INPUT DATA Block Start
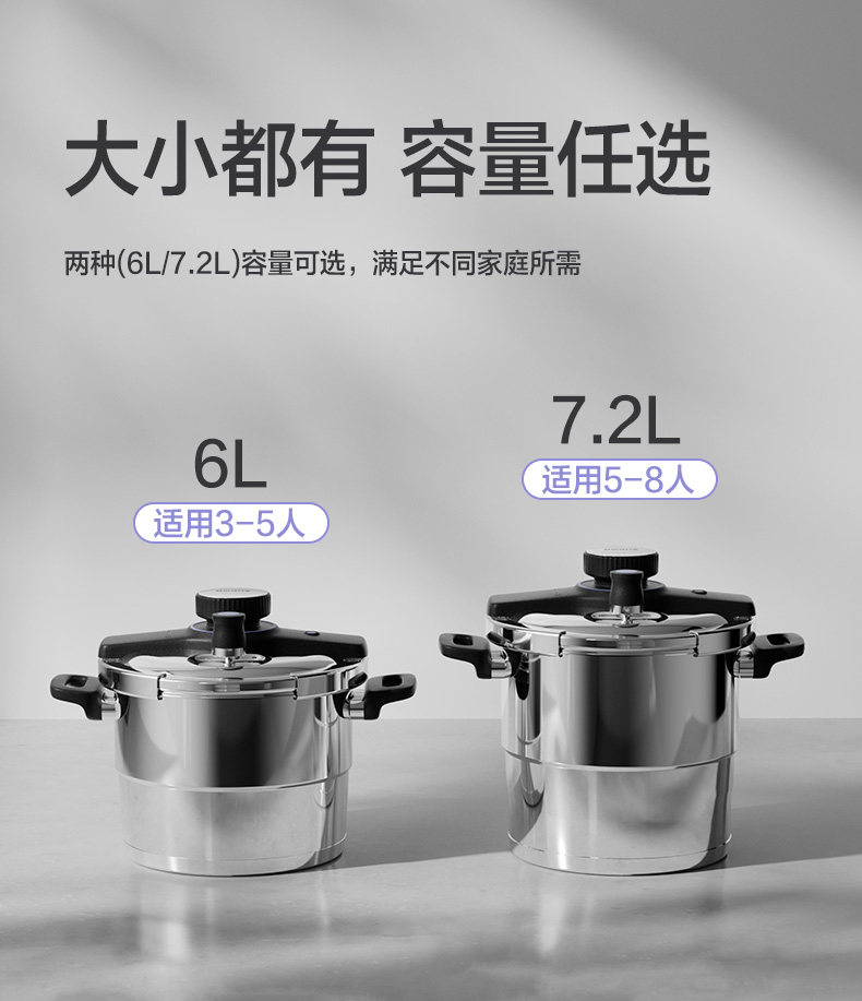 | Color Classification | Official Authentic Products - You Can'T Go Wrong Buying What Everyone's Buying!,Really Thickened 304 Stainless Steel [Automatic Exhaust Is More Worry-Free],6.0L Extra-Thick [One-Handed Twist Lid] Includes Silicone Soup Spoon + Original Steaming Rack [Upgraded to 100Kpa Quick Pressure],7.2L Extra-Thick [One-Handed Twist Lid] Includes Silicone Soup Spoon + Original Steaming Rack [Upgraded to 100Kpa Quick Pressure],6.0L Extra-Thick [One-Handed Twist Lid] Includes Steaming Rack + Lid + Soup Ladle + Original Steaming Pads [Upgraded to 100Kpa Quick Pressure],7.2L Extra-Thick [One-Handed Twist Lid] - Includes Steaming Rack + Lid + Soup Ladle + Original Steaming Pads [Upgraded to 100Kpa Quick Pressure] |
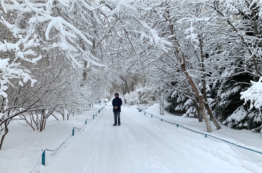 Sneeu op die takke van bome. Ek het kommentaar gelewer en gevra waar sy woon, want dit het my mos na Kazakhstan laat verlang. Nie om daar te gaan bly nie, net om weer na my foto’s te kyk. Hierdie foto is in Maart 2020 in Ust’-Kamenogorsk – aka Öskemen – in Kazakhstan geneem.
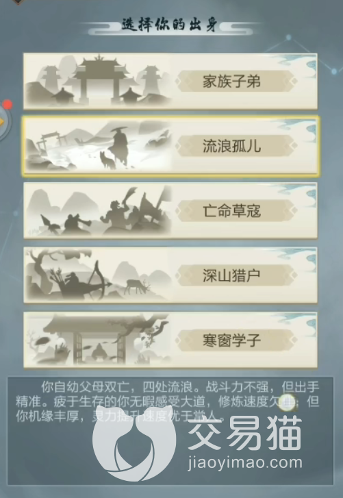 开局选择:游戏开局有五种出身可以选择,不同的出身会带来不同的效果增益。这里只有两个职业有基础属性达到了十点,分别是10机缘的流浪孤儿,所以想快速获取中后期体验的朋友推荐选择它,它的命中更加精准,提升灵力的效率更高,缺点就是前期初始战力低了点。
INPUT DATA Block End
→ **EXERCISE DESCRIPTION**: Copy out the data verbatim, excluding the pictures.

→ **YOUR RESPONSE**:
 | Color Classification | Official Authentic Products - You Can'T Go Wrong Buying What Everyone's Buying!,Really Thickened 304 Stainless Steel [Automatic Exhaust Is More Worry-Free],6.0L Extra-Thick [One-Handed Twist Lid] Includes Silicone Soup Spoon + Original Steaming Rack [Upgraded to 100Kpa Quick Pressure],7.2L Extra-Thick [One-Handed Twist Lid] Includes Silicone Soup Spoon + Original Steaming Rack [Upgraded to 100Kpa Quick Pressure],6.0L Extra-Thick [One-Handed Twist Lid] Includes Steaming Rack + Lid + Soup Ladle + Original Steaming Pads [Upgraded to 100Kpa Quick Pressure],7.2L Extra-Thick [One-Handed Twist Lid] - Includes Steaming Rack + Lid + Soup Ladle + Original Steaming Pads [Upgraded to 100Kpa Quick Pressure] |
 Sneeu op die takke van bome. Ek het kommentaar gelewer en gevra waar sy woon, want dit het my mos na Kazakhstan laat verlang. Nie om daar te gaan bly nie, net om weer na my foto’s te kyk. Hierdie foto is in Maart 2020 in Ust’-Kamenogorsk – aka Öskemen – in Kazakhstan geneem.
 开局选择:游戏开局有五种出身可以选择,不同的出身会带来不同的效果增益。这里只有两个职业有基础属性达到了十点,分别是10机缘的流浪孤儿,所以想快速获取中后期体验的朋友推荐选择它,它的命中更加精准,提升灵力的效率更高,缺点就是前期初始战力低了点。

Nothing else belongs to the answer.